◆ Data below ◆
○ ○ ○ ○

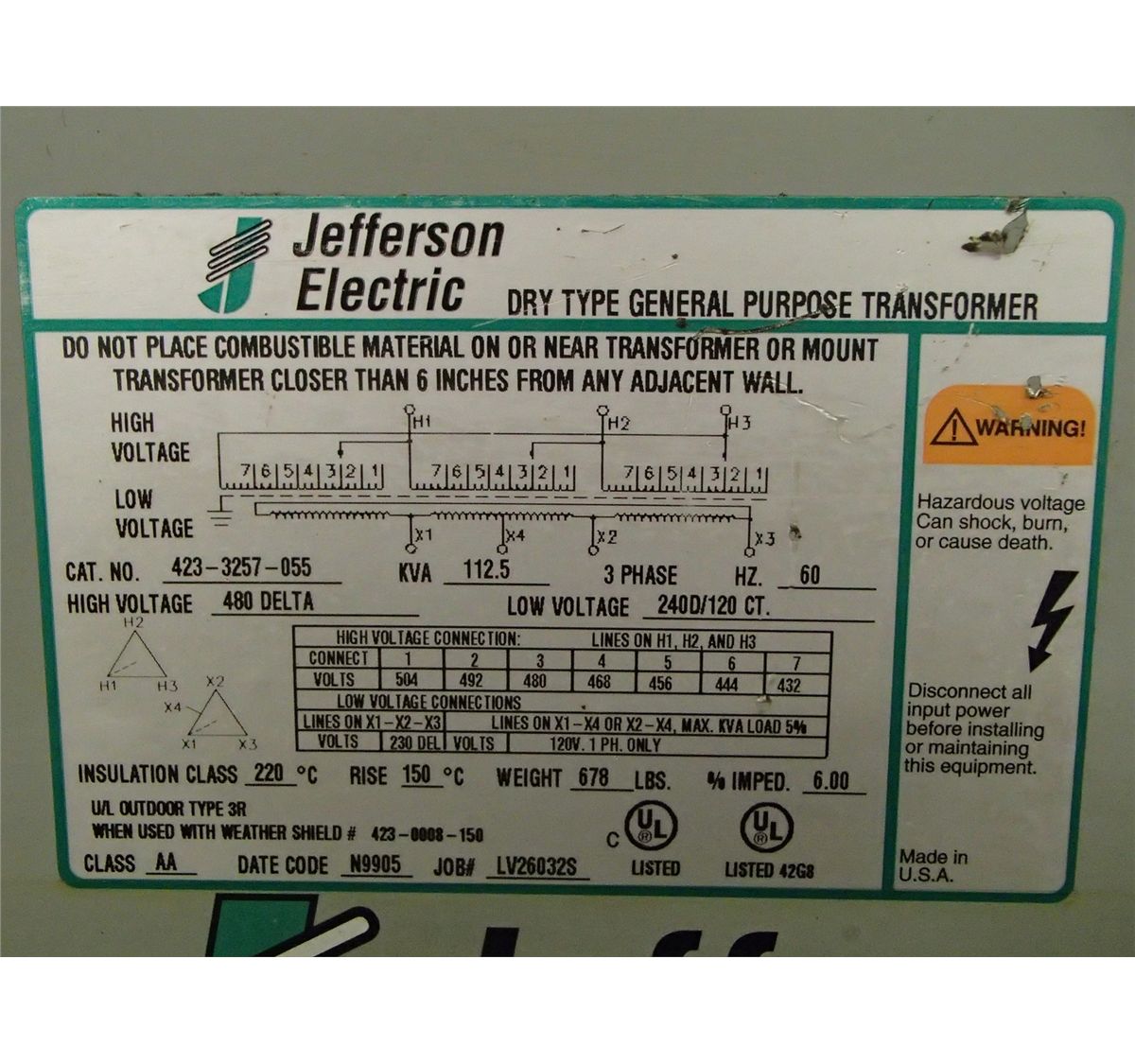 Jefferson Electric, Dry Type Transformer, M/N-423-3257-055, 112.5KVA
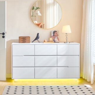 White Dresser for Bedroom, Handless 9 Drawers Dresser, 55'' Modern White Chest of Drawers with Charging Station and LED Light, Dressers Organizer for Bedroom, Living Room, Hallway
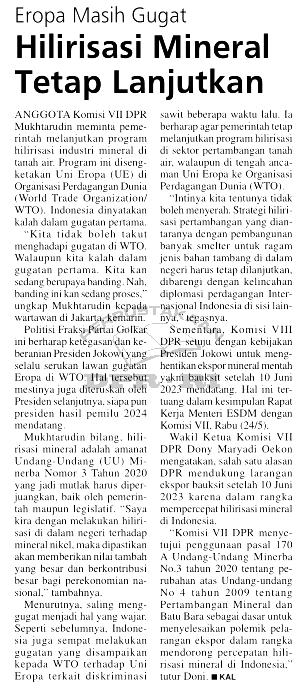 | Kata Kunci | Mukhtarudin,industri,uni eropa,WTO,World Trade Organization,Presiden,Jokowi,pemilu,undang-undang,minerba,nikel,diplomasi,perdagangan,smelter,internasional,mentah,Dony Maryadi Oekon,polemik,pelarangan |
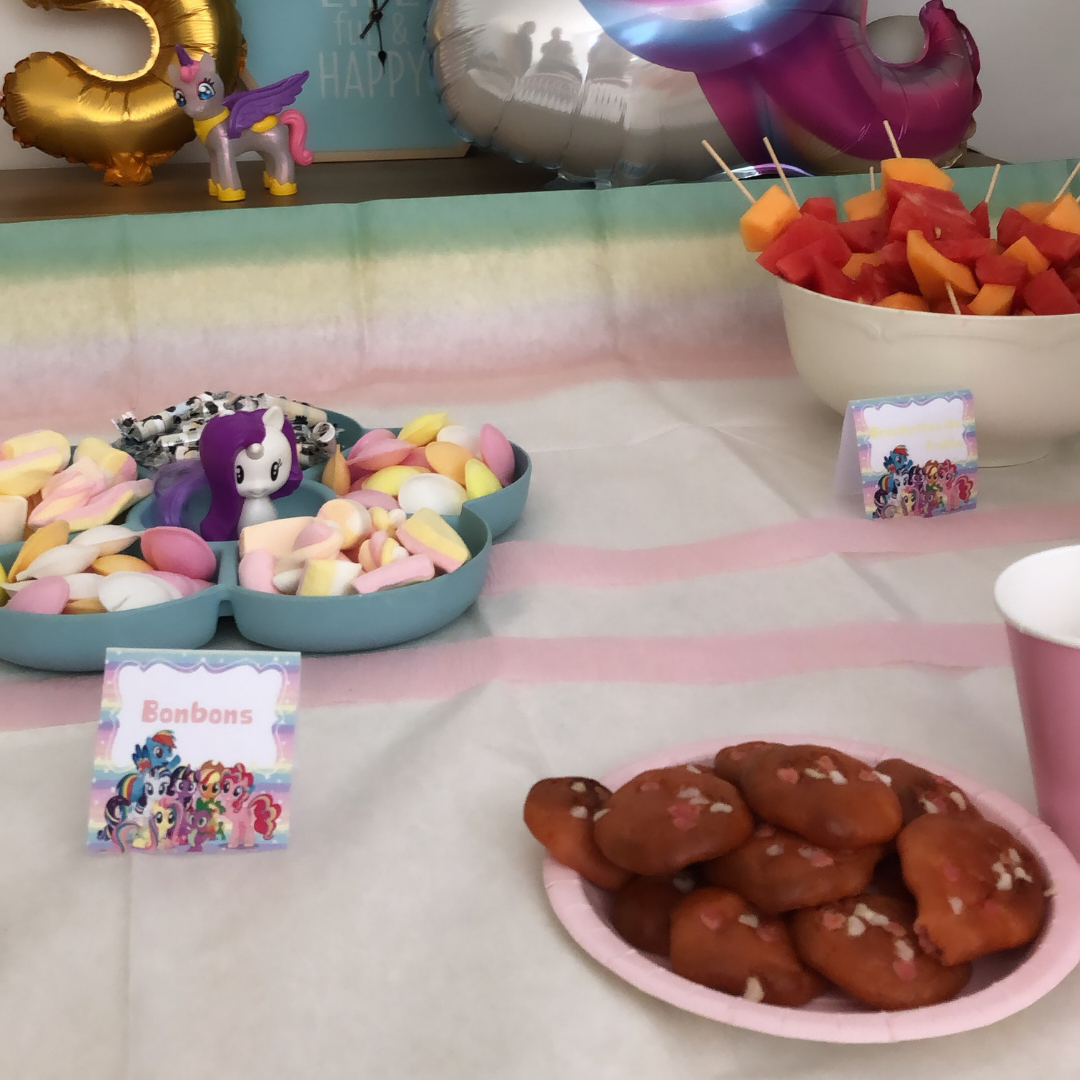 Je vous en ai déjà parlé, pour ses 5 ans ma petite dernière voulait un anniversaire Petit Poney. J’ai rassemblé quelques petites décos dans les tons pastel (il m’en restait pas mal de l’anniversaire Pastel de l’an dernier), profité des soldes pour faire mon shopping chez My Little Day et Hema, mais le temps a pas mal manqué cette année pour faire une sweet table My Little Pony digne de ce nom.

○ ○ ○ ○

In the answer, the data should reappear exactly, with no pictures.

 Jefferson Electric, Dry Type Transformer, M/N-423-3257-055, 112.5KVA
 White Dresser for Bedroom, Handless 9 Drawers Dresser, 55'' Modern White Chest of Drawers with Charging Station and LED Light, Dressers Organizer for Bedroom, Living Room, Hallway
 | Kata Kunci | Mukhtarudin,industri,uni eropa,WTO,World Trade Organization,Presiden,Jokowi,pemilu,undang-undang,minerba,nikel,diplomasi,perdagangan,smelter,internasional,mentah,Dony Maryadi Oekon,polemik,pelarangan |
 Je vous en ai déjà parlé, pour ses 5 ans ma petite dernière voulait un anniversaire Petit Poney. J’ai rassemblé quelques petites décos dans les tons pastel (il m’en restait pas mal de l’anniversaire Pastel de l’an dernier), profité des soldes pour faire mon shopping chez My Little Day et Hema, mais le temps a pas mal manqué cette année pour faire une sweet table My Little Pony digne de ce nom.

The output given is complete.